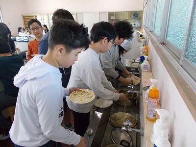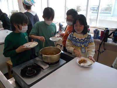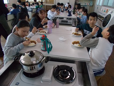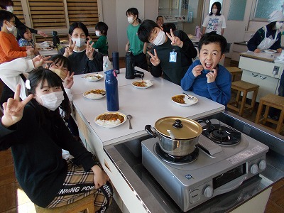 なお、ご飯は時間の都合であらかじめ炊飯器で炊いておきました。出来上がったカレーライスはどの班も大好評で、「うまい!」「おかわりしたい!」といった声も聞かれ、みんなでおいしくいただき、きれいに完食しました。
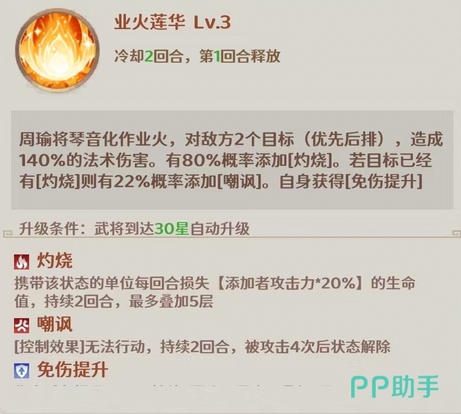 灼烧是属于游戏中最重要的异常状态之一,对方被灼烧后会按照施法者攻击力的20%掉血,最多能叠加到5层。叠加起来之后仅仅是灼烧伤害就很可观。嘲讽效果是对方无法行动,在被攻击四次之后才会解除该状态。免伤提升带来的是10%伤害减免,可以叠加三层。大招是攻击敌方全体,造成法术伤害后,目标身上的每层灼烧都可以提升10%的暴击率,最多提升30%,如果目标身上挂着嘲讽,则本次伤害提升40%暴击伤害。另外还有两个被动,进入战斗后提高自身伤害,回合结束时对随机目标造成真实伤害。战斗开始时就有90%的几率对随机目标添加灼烧。
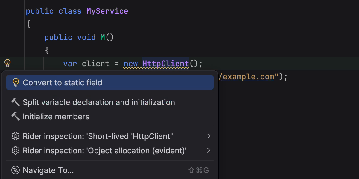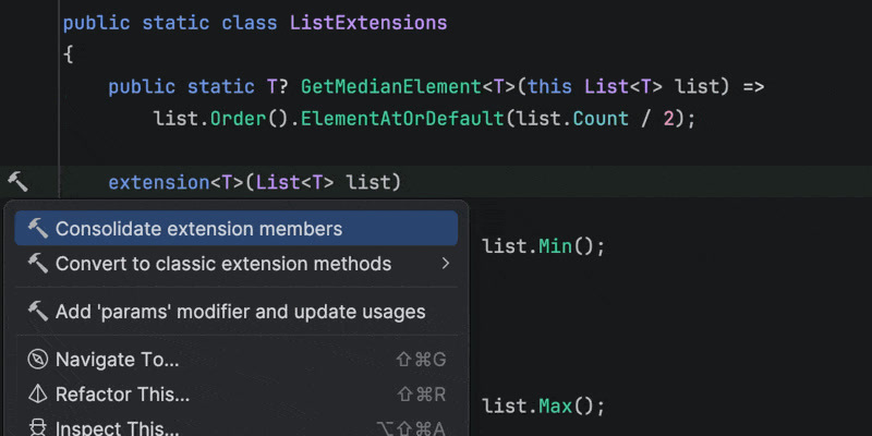Rider 2026.1 では、コード分析機能の改善、新しいインスペクション、進化する言語機能のサポートが提供されます。C# 拡張メンバーのサポート強化には、ナビゲーションとリファクタリングの改善に加え、必要に応じて不足している拡張メンバーを自動的にインポートするクイックフィックス機能の改善が含まれます。
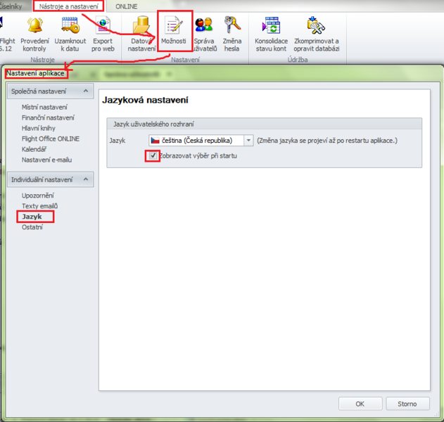 - jazyk - volba jazyka (Angličtina/Čeština). Po zaškrtnutí příznaku "Zobrazovat výběr při startu" se bude program na jazyk ptát při každém zapínání.
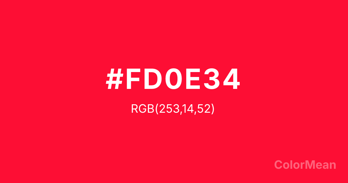 #FD0E34 RGB value is (253, 14, 52). The hex color red value is 253, green is 14, and blue is 52. Its HSL format shows a hue of 350°, saturation of 98 percent, and lightness of 52 percent. The CMYK process values are 0 percent, 94 percent, 79 percent, 1 percent.

+ + + + + + +

- _Assignment_:
Go down the entries above from the line containing "Rider 2026.1 では、コード分析機能の改善、新しいインスペクション、進化する言語機能のサポートが提供されます。C#" to the line containing "- jazyk - volba" and write out each line exactly, leaving pictures out.

- _Response area_:
Rider 2026.1 では、コード分析機能の改善、新しいインスペクション、進化する言語機能のサポートが提供されます。C# 拡張メンバーのサポート強化には、ナビゲーションとリファクタリングの改善に加え、必要に応じて不足している拡張メンバーを自動的にインポートするクイックフィックス機能の改善が含まれます。
 - jazyk - volba jazyka (Angličtina/Čeština). Po zaškrtnutí příznaku "Zobrazovat výběr při startu" se bude program na jazyk ptát při každém zapínání.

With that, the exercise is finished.